Department of Computing Science, University of Alberta, Edmonton, AB, Canada.
Neural Netw. 2020 Nov;131:103-114. doi: 10.1016/j.neunet.2020.07.013. Epub 2020 Jul 29.
The current state-of-the-art object recognition algorithms, deep convolutional neural networks (DCNNs), are inspired by the architecture of the mammalian visual system, and are capable of human-level performance on many tasks. As they are trained for object recognition tasks, it has been shown that DCNNs develop hidden representations that resemble those observed in the mammalian visual system (Razavi and Kriegeskorte, 2014; Yamins and Dicarlo, 2016; Gu and van Gerven, 2015; Mcclure and Kriegeskorte, 2016). Moreover, DCNNs trained on object recognition tasks are currently among the best models we have of the mammalian visual system. This led us to hypothesize that teaching DCNNs to achieve even more brain-like representations could improve their performance. To test this, we trained DCNNs on a composite task, wherein networks were trained to: (a) classify images of objects; while (b) having intermediate representations that resemble those observed in neural recordings from monkey visual cortex. Compared with DCNNs trained purely for object categorization, DCNNs trained on the composite task had better object recognition performance and are more robust to label corruption. Interestingly, we found that neural data was not required for this process, but randomized data with the same statistical properties as neural data also boosted performance. While the performance gains we observed when training on the composite task vs the "pure" object recognition task were modest, they were remarkably robust. Notably, we observed these performance gains across all network variations we studied, including: smaller (CORNet-Z) vs larger (VGG-16) architectures; variations in optimizers (Adam vs gradient descent); variations in activation function (ReLU vs ELU); and variations in network initialization.
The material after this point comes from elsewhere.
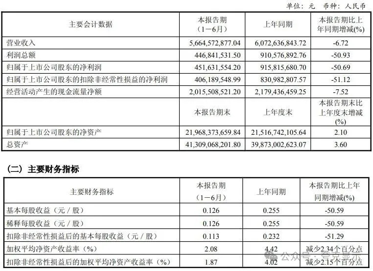 其中第二季度,公司营业收入为27.0亿元,同比下降14.6%;归母净利润为1.29亿元,同比下降79.7%;扣非归母净利润为9994万元,同比下降82.8%;EPS为0.036元。

Our results demonstrate the potential utility of a new approach to training object recognition networks, using strategies in which the brain - or at least the statistical properties of its activation patterns - serves as a teacher signal for training DCNNs.
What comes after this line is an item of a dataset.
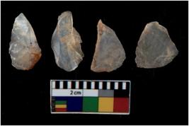 | Description / विवरण | There are n 4 utilized flake cores. There are multi directional irregular scar pattern on them. One is tapering at one end and three have sharp edges. |

当前最先进的目标识别算法,即深度卷积神经网络(DCNN),受到哺乳动物视觉系统结构的启发,在许多任务上都能达到人类水平的性能。由于它们是针对目标识别任务进行训练的,因此已经证明 DCNN 会开发出类似于哺乳动物视觉系统中观察到的隐藏表示形式(Razavi 和 Kriegeskorte,2014;Yamins 和 DiCarlo,2016;Gu 和 van Gerven,2015;McClure 和 Kriegeskorte,2016)。此外,针对目标识别任务进行训练的 DCNN 目前是我们对哺乳动物视觉系统最好的模型之一。这使我们假设,教导 DCNN 实现更类似大脑的表示形式可以提高它们的性能。为了验证这一点,我们在一项综合任务上对 DCNN 进行了训练,其中网络被训练为:(a)对物体图像进行分类;(b)同时具有类似于从猴子视觉皮层神经记录中观察到的中间表示形式。与专门针对物体分类进行训练的 DCNN 相比,在综合任务上进行训练的 DCNN 的物体识别性能更好,并且对标签损坏更具鲁棒性。有趣的是,我们发现此过程不需要神经数据,但是具有与神经数据相同统计特性的随机数据也可以提高性能。尽管我们在综合任务与“纯”物体识别任务的训练中观察到的性能提升幅度不大,但却非常稳健。值得注意的是,我们在所有研究的网络变体中都观察到了这些性能提升,包括:更小的(CORNet-Z)与更大的(VGG-16)架构;优化器的变化(Adam 与梯度下降);激活函数的变化(ReLU 与 ELU);以及网络初始化的变化。我们的结果表明,使用一种新的方法来训练物体识别网络具有潜在的实用性,该方法使用了大脑(或者至少是其激活模式的统计特性)作为训练 DCNN 的教师信号。